→ **Exercise prompt**
Repeat the lines from the one containing "This spot is" through the end of the listing exactly, both ends included. Do not carry over any pictures.

Start of Data records

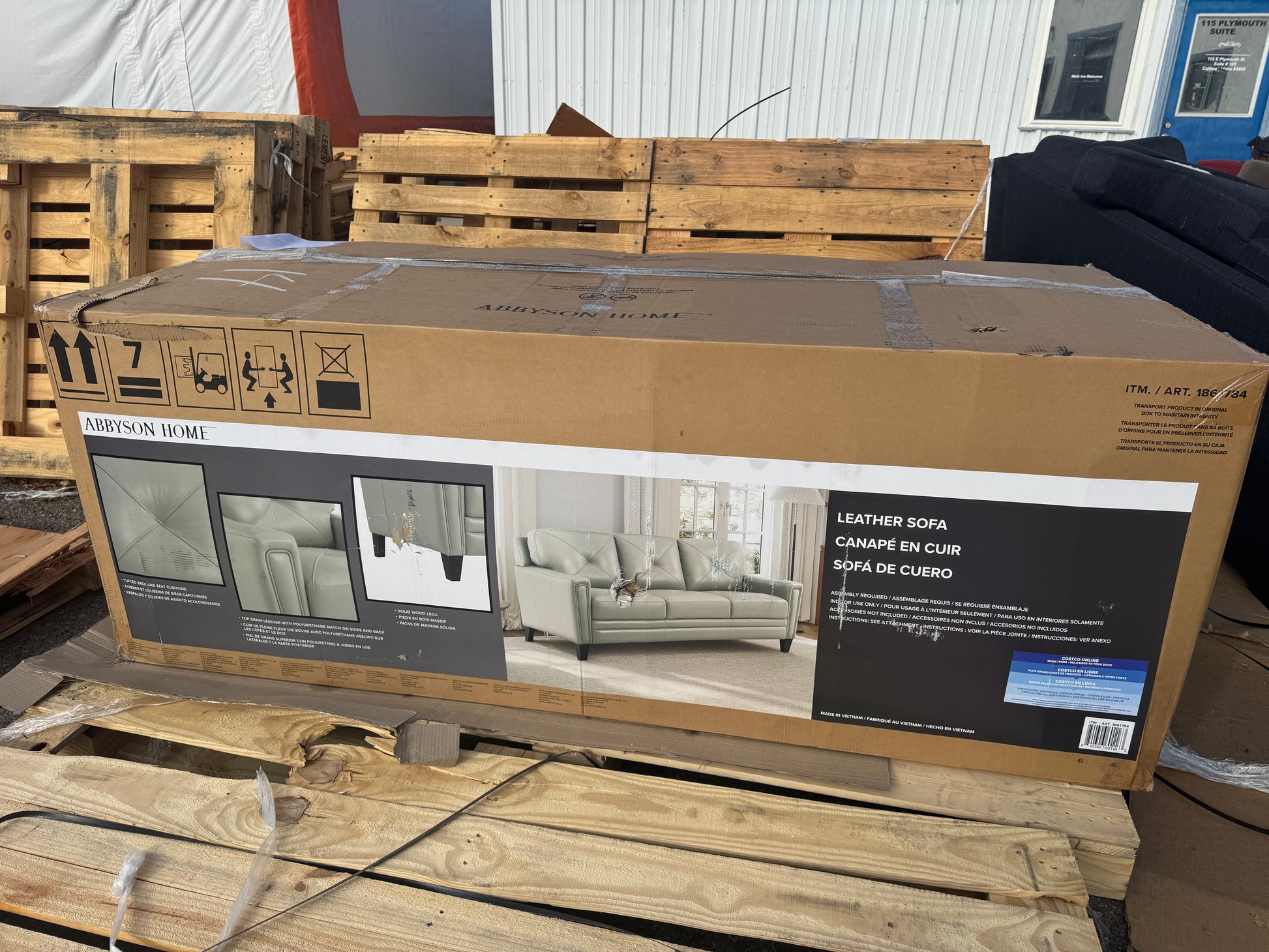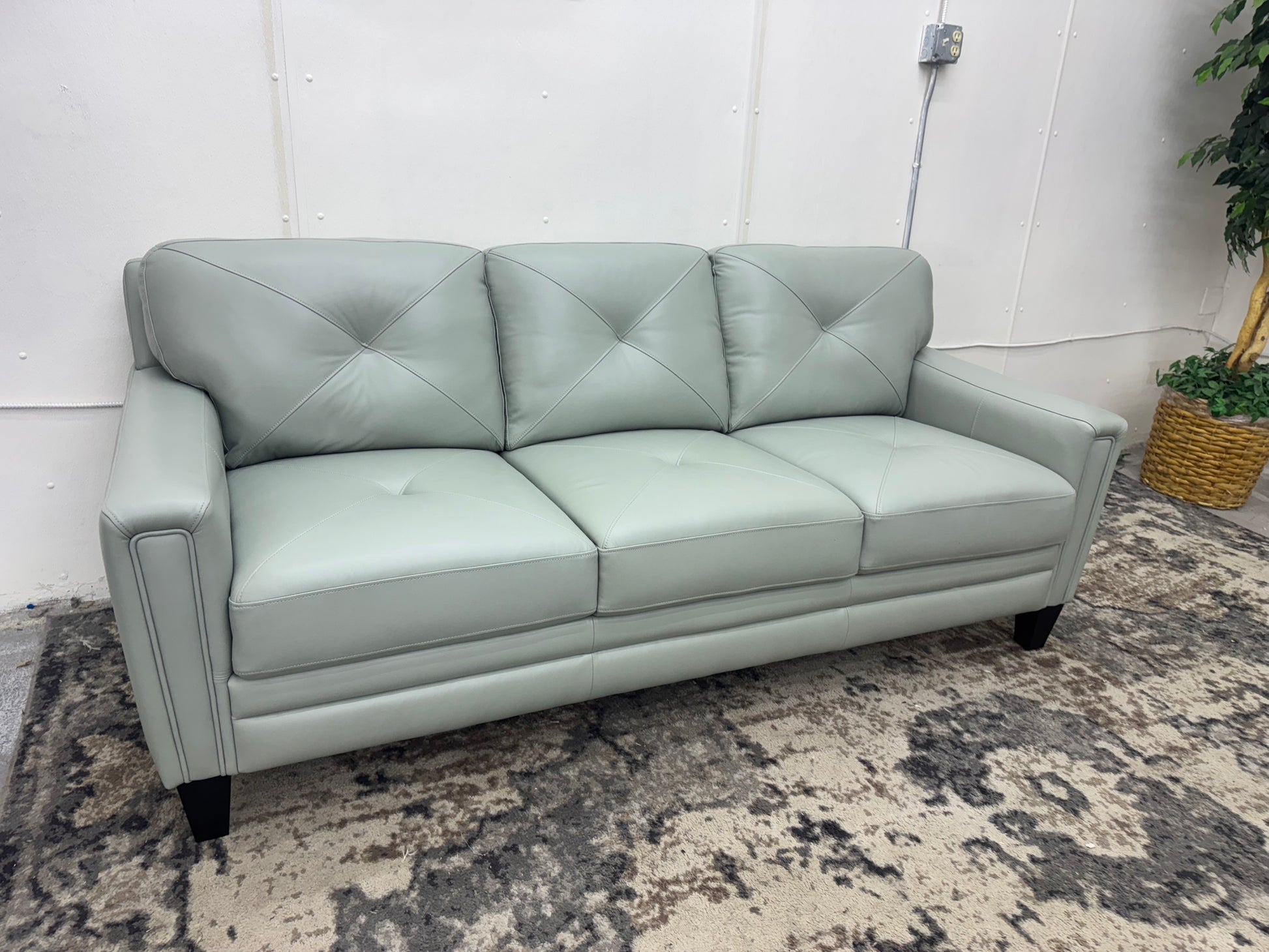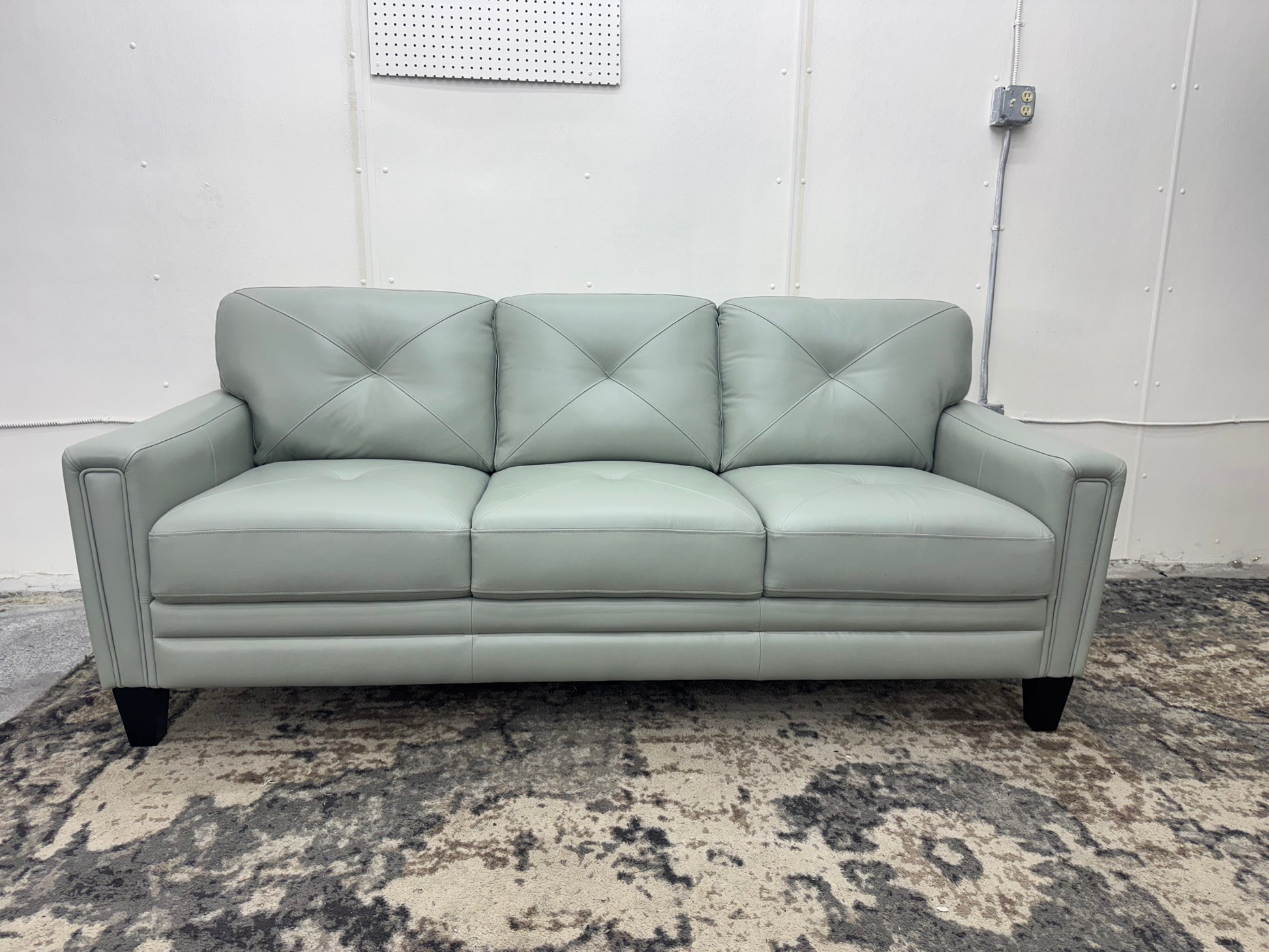 This brand new Abbyson teal leather sofa is a stunning upgrade for any living room. Abbyson is known for its high-quality craftsmanship and durable materials, and this piece delivers both comfort and style. The genuine leather upholstery has a rich teal tone that adds a bold, modern touch without overpowering the space. With supportive cushions and a sleek, structured silhouette, it’s a beautiful statement sofa that pairs easily with mid-century, contemporary, or modern décor.
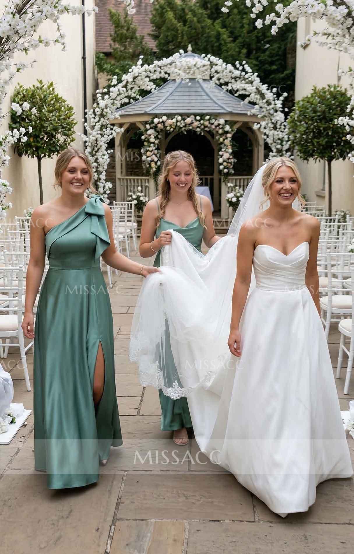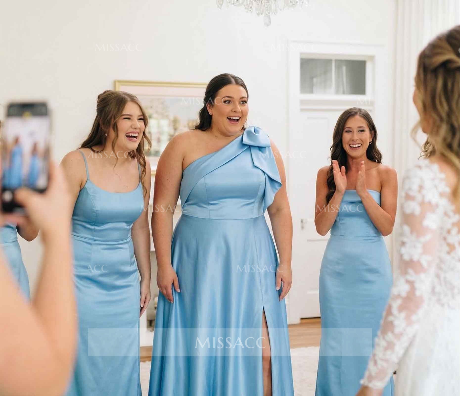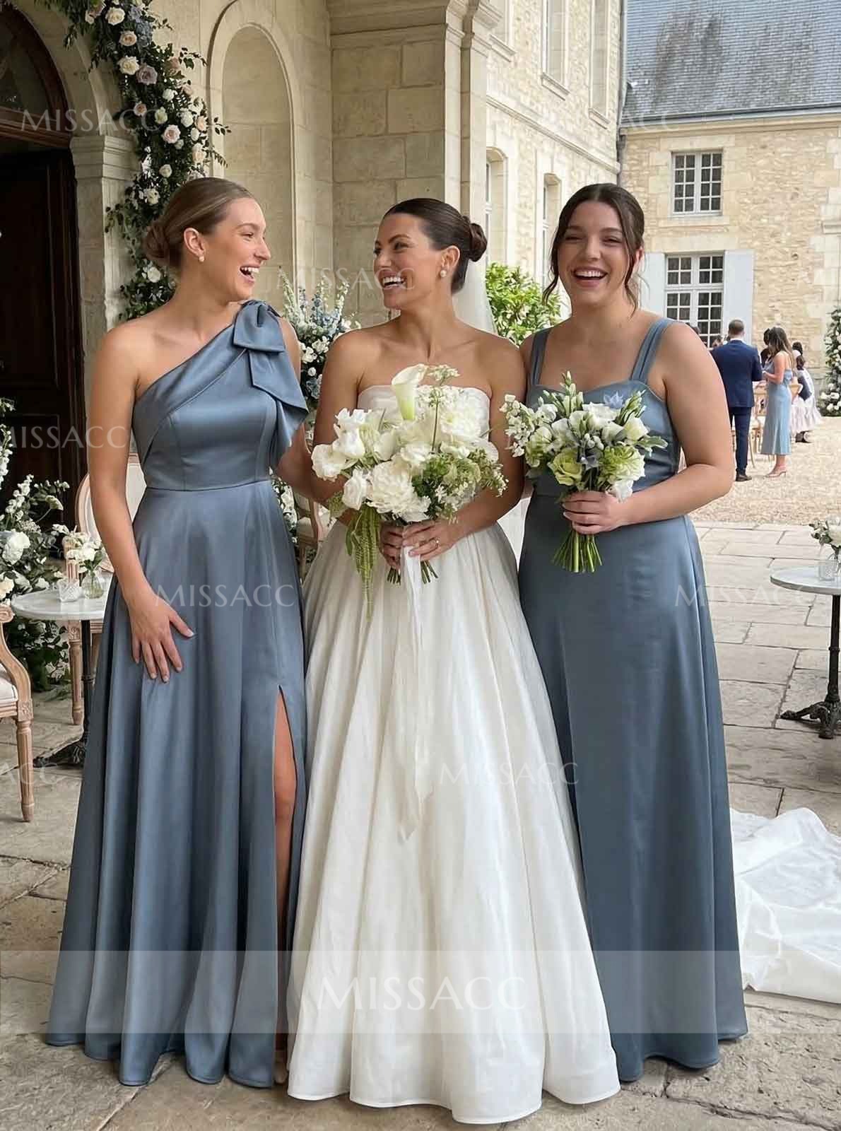 I bought this to be a bridesmaid in a rustic fall wedding. It is definitely a beautiful piece and the bow gives it a nice touch of elegance. My only minor issue was that it wrinkled a bit easily during the car ride to the venue so definitely bring a steamer with you. Once we steamed it out it flowed beautifully and the one shoulder cut was really flattering on my arms.
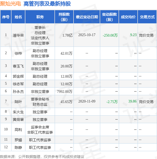 聚灿光电的高管列表及最新持股情况如下:
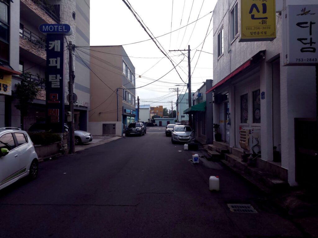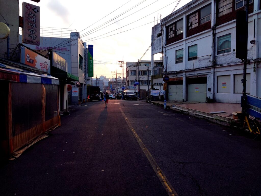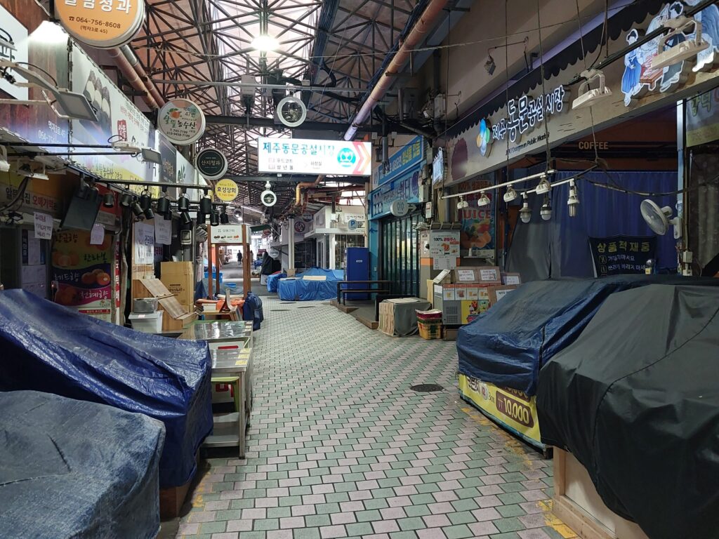 オルレのコースには市場の中も含まれているけど、この時間はまだどの店も開店準備すらしていない。
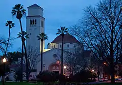 ![]() Westminster Presbyterian Church with bell tower and tiled dome. | |
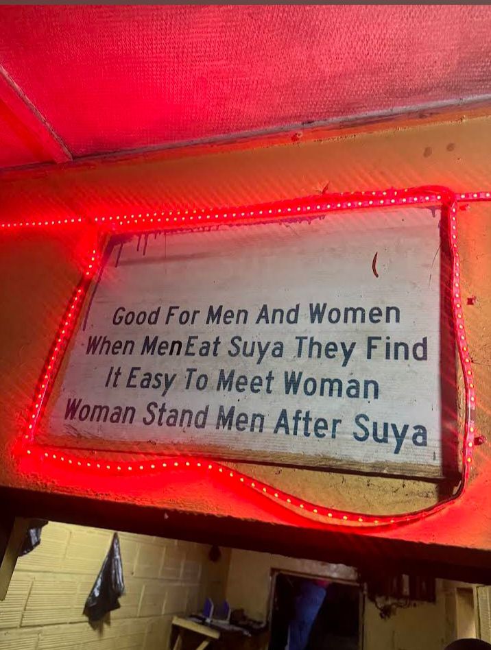 This spot is impossible to miss thanks to its iconic signage: “Good For Men And Women. When Men Eat Suya They Find It Easy To Meet Woman. Woman Stand Men After Suya.”
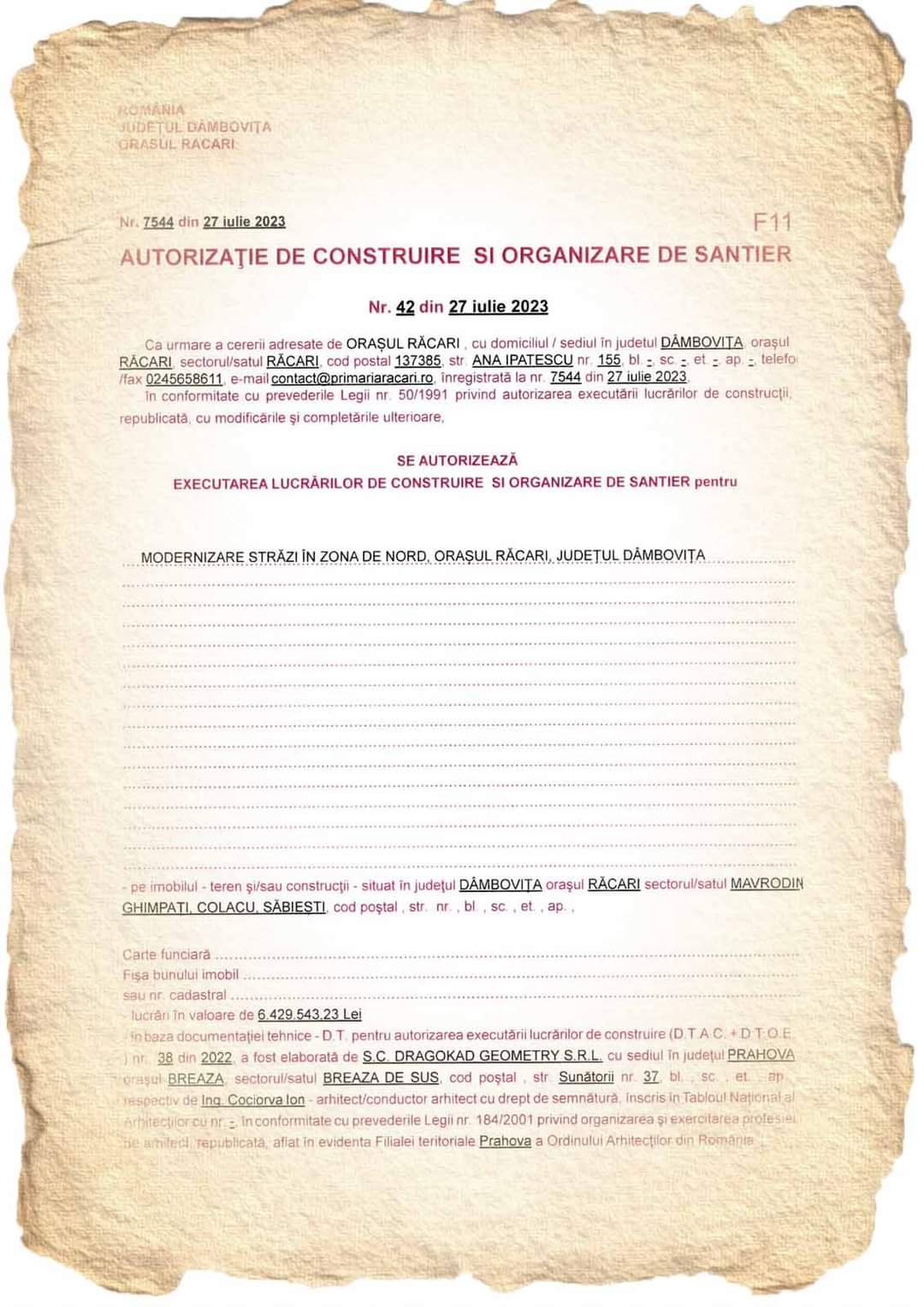 Administrația locală de la Răcari a anunțat că a fost emisă autorizația de construire și organizare șantier pentru pentru obiectivul: “Modernizare străzi în zona NORD, orașul Răcari, județul Dâmbovița ’’,
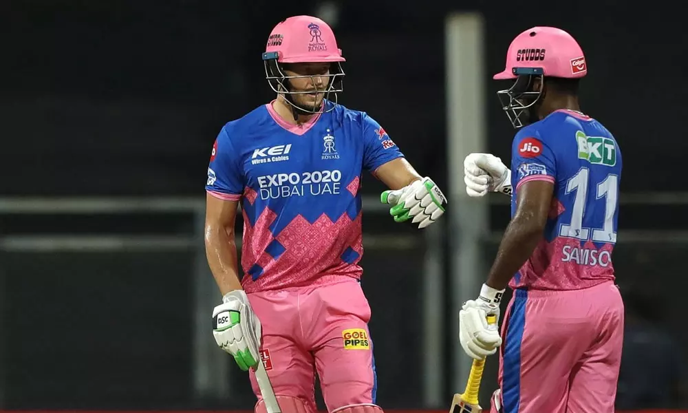 ലക്ഷ്യത്തിലേക്ക് ബാറ്റു വീശിയ രാജസ്ഥാൻ തകർച്ചയോടെയാണ് തുടങ്ങിയത്. നാലാം ഓവറിലെ രണ്ടാം പന്തിൽ തന്നെ ഓപണർ ജോസ് ബട്ലർ (5) പുറത്തായി. സ്കോർ ബോർഡിൽ 21 റൺസ് മാത്രം. എന്നാൽ വൺഡൗൺ ആയെത്തിയ സഞ്ജുവും ജെയ്സ്വാളും പതുക്കെ ഇന്നിങ്സ് മുമ്പോട്ടു കൊണ്ടു പോയി. അഞ്ചാം ഓവറിൽ സ്വന്തം സ്കോർ 22ൽ നിൽക്കെ ജെയ്സ്വാൾ വീണു. പിന്നെ ശിവം ദുബെയുമായി (22) ചേർന്ന് സഞ്ജുവിന്റെ രക്ഷാപ്രവർത്തനം. ദുബെയ്ക്ക് പകരമെത്തിയ തെവാത്തിയ അഞ്ചു റൺെസെടുത്ത് പുറത്തായി.
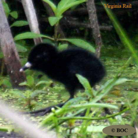 The Virginia Rail is the smallest rail when compared to the Clapper and King Rails. Although, it is very similar in appearance to these two mentioned rails. The Virgina Rail can be found in most marshes in North America, but because of its secretive nature and the fact it feeds at night, it is rarely seen. It has been reported seen as a very rare visitor in Cuba.
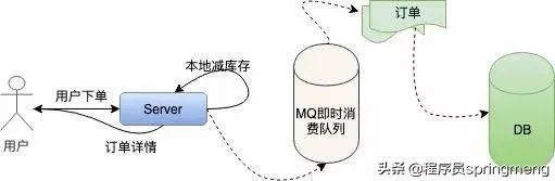 接下来我们对单机扣库存的方案做优化:本地扣库存。我们把一定的库存量分配到本地机器,直接在内存中减库存,然后按照之前的逻辑异步创建订单。改进过之后的单机系统是这样的:
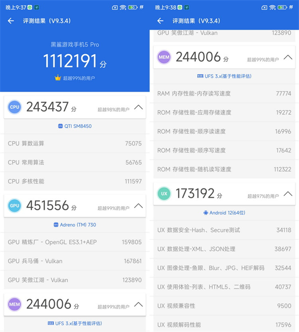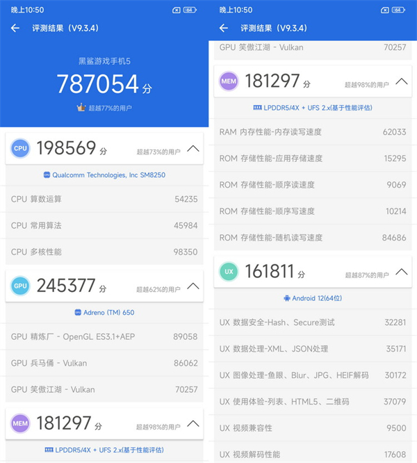 然后来看黑鲨5 Pro,CPU和GPU成绩属于骁龙8 Gen1的正常表现,调度要比常规骁龙8 Gen1机型好一些,但是存储成绩领先众多Android手机,原因在于SSD+UFS 3.1闪存的优势,这种另辟蹊径的方案极大提升了手机存储能力,相比传统闪存,固态SSD确实有奇效。

End of Data records

→ **Written solution**
 This spot is impossible to miss thanks to its iconic signage: “Good For Men And Women. When Men Eat Suya They Find It Easy To Meet Woman. Woman Stand Men After Suya.”
 Administrația locală de la Răcari a anunțat că a fost emisă autorizația de construire și organizare șantier pentru pentru obiectivul: “Modernizare străzi în zona NORD, orașul Răcari, județul Dâmbovița ’’,
 ലക്ഷ്യത്തിലേക്ക് ബാറ്റു വീശിയ രാജസ്ഥാൻ തകർച്ചയോടെയാണ് തുടങ്ങിയത്. നാലാം ഓവറിലെ രണ്ടാം പന്തിൽ തന്നെ ഓപണർ ജോസ് ബട്ലർ (5) പുറത്തായി. സ്കോർ ബോർഡിൽ 21 റൺസ് മാത്രം. എന്നാൽ വൺഡൗൺ ആയെത്തിയ സഞ്ജുവും ജെയ്സ്വാളും പതുക്കെ ഇന്നിങ്സ് മുമ്പോട്ടു കൊണ്ടു പോയി. അഞ്ചാം ഓവറിൽ സ്വന്തം സ്കോർ 22ൽ നിൽക്കെ ജെയ്സ്വാൾ വീണു. പിന്നെ ശിവം ദുബെയുമായി (22) ചേർന്ന് സഞ്ജുവിന്റെ രക്ഷാപ്രവർത്തനം. ദുബെയ്ക്ക് പകരമെത്തിയ തെവാത്തിയ അഞ്ചു റൺെസെടുത്ത് പുറത്തായി.
 The Virginia Rail is the smallest rail when compared to the Clapper and King Rails. Although, it is very similar in appearance to these two mentioned rails. The Virgina Rail can be found in most marshes in North America, but because of its secretive nature and the fact it feeds at night, it is rarely seen. It has been reported seen as a very rare visitor in Cuba.
 接下来我们对单机扣库存的方案做优化:本地扣库存。我们把一定的库存量分配到本地机器,直接在内存中减库存,然后按照之前的逻辑异步创建订单。改进过之后的单机系统是这样的:
 然后来看黑鲨5 Pro,CPU和GPU成绩属于骁龙8 Gen1的正常表现,调度要比常规骁龙8 Gen1机型好一些,但是存储成绩领先众多Android手机,原因在于SSD+UFS 3.1闪存的优势,这种另辟蹊径的方案极大提升了手机存储能力,相比传统闪存,固态SSD确实有奇效。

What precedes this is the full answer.